Speaking during the Bloomberg online finance conference, CIB chief executive officer, Ehren Cory, summarized the bank’s five priorities — clean energy; green infrastructure; transit systems; trade and transportation; and broadband — and mandate to leverage CAD $35 billion to stimulate further investment. He characterized the fund as a lubricant.
“What we are really trying to find is those good projects that deliver public value that are stuck. They might be stuck because they are too risky or uncertain or have really long paybacks,” Cory noted. “Those are the sorts of things that government money can help solve — patient capital, long-term capital, risk-taking capital — to pair with that private sector money in those five sectors.”
Thus far, the CIB has invested in nearly 40 projects, of which about 20 are now under construction.
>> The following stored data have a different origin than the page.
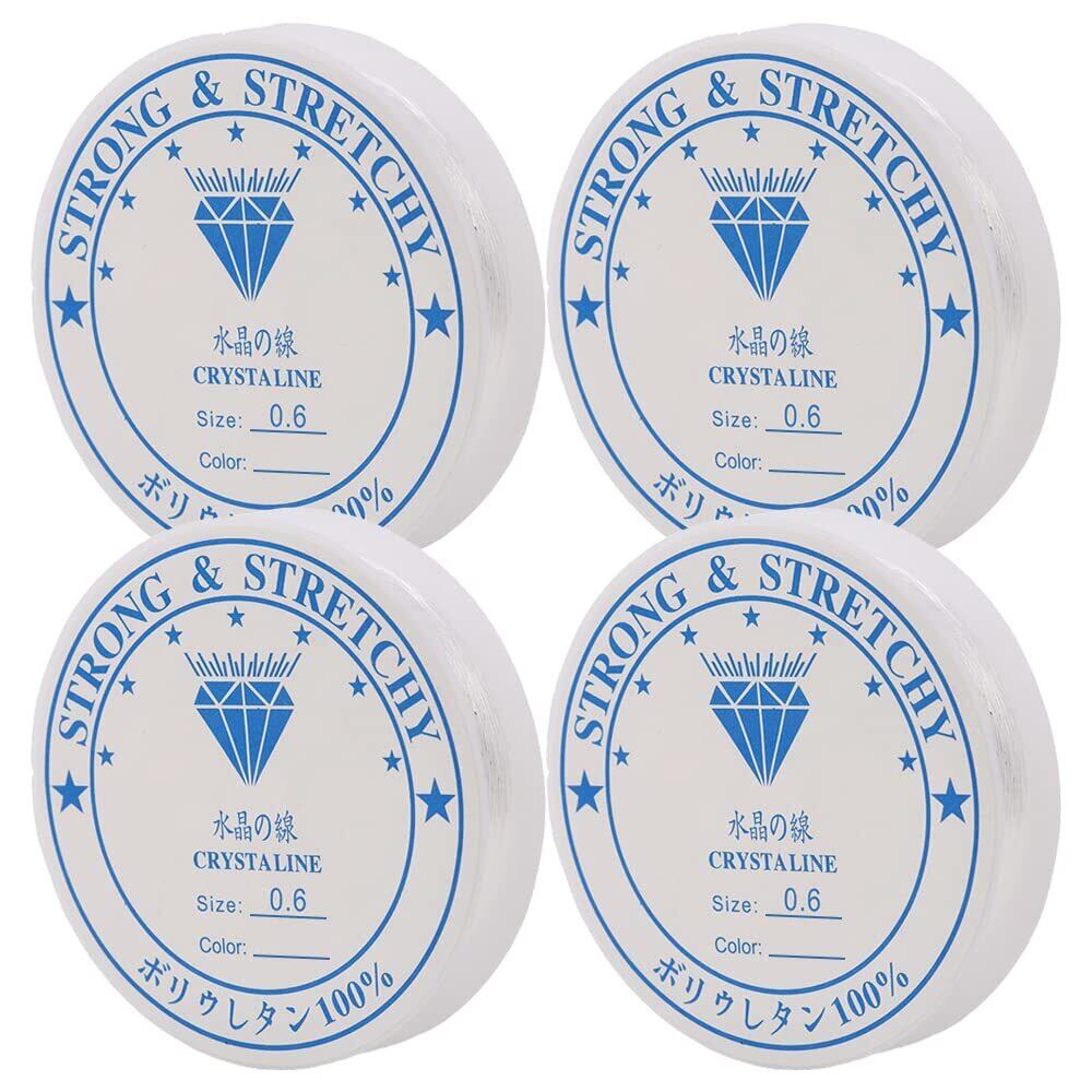 シリコンゴム 4巻セット 太さ0.6mm ブレスレット用 ゴム紐 弾力紐 水晶の線 伸びる糸 クリア色 DIY 手芸 手作り アクセサリー (太さ0.6mm)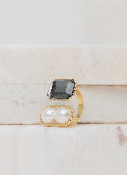 This ring completes our ‘Aurore’ family. This ring is filled with personality and immersed in the world of elegance. With its special shape gold plated brass, enriched with handmade glass stones from Czech Republic, this design encourages to embrace your authenticity. Each adaptable to precisely fit the size of your finger.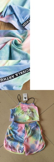 新作 幼児子供服セット女の子夏カラフルプリントレインボースポーツ子供スリングベスト背中の開いたクロップトップショートパンツトラックスーツ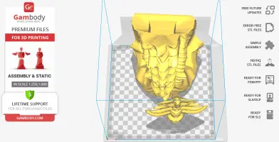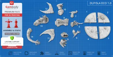 - STL files of Bagan 3D Model for 3D printing which consist of 75 parts;- 4 versions of files for this model for FFF/FDM, DLP/SLA, DLP/SLA Eco and SLS;- High-poly detailed figurine of Bagan;- Detailed settings that we provide for Cura , Simplify3D and Slic3r for the best print;- Full technical support from the Gambody Support Team.

That includes a number of deals for commercial building retrofits and municipal transit fleets, which Cory called “almost the base load” of agreements to date, but low-carbon fuel and EV charging projects are expected to come on soon. The latter could epitomize the stuck project, presenting a scenario in which prospective investors look for assurance of demand for chargers, while prospective EV purchasers hesitate to buy before they have assurance of an easily accessible charging network.
“To me, this is like a perfect use case for the CIB,” Cory maintained. “There’s a real chicken-egg problem in that investment case, but in the long run, there’s a great business.”
Inflation and rising interest rates complicate business case
Inflation and rising interest rates have also emerged to complicate investment in ways not felt when the CIB was launched in 2018. “The role of the CIB gets even bigger in periods like we’re in right now of high market uncertainty and risk because that’s what we can help manage. We can help insulate to some extent, or share in that risk,” he asserted.
“Investment in infrastructure is really important in times like these,” Cory added “It is one of the few truly cycle-proof kinds of asset classes. Infrastructure helps bring us through economic downturn and recessionary periods because it grows our competitiveness. It grows our economy.”
From a P3 perspective, Phillips commended the trend to inflation riders in Canadian contracts so private and public partners share the impact of rising material and equipment costs, and argued the practice would also serve U.S. proponents well.
“The alternative is that our contractors will just choose to focus on other projects and away from what they consider to be a position that’s just got too much risk for them,” he said. “It goes to market appetite and the mechanisms that clients can provide to ensure that they have the world’s best turning up to their projects.”
“There are mechanisms that have been developed elsewhere to allow contractors to address that risk and it’s for the benefit of the public sector also because it allows for more competitive pricing from contractors to deliver these projects,” Bell concurred.
Barbara Carss is editor-in-chief of Canadian Property Management.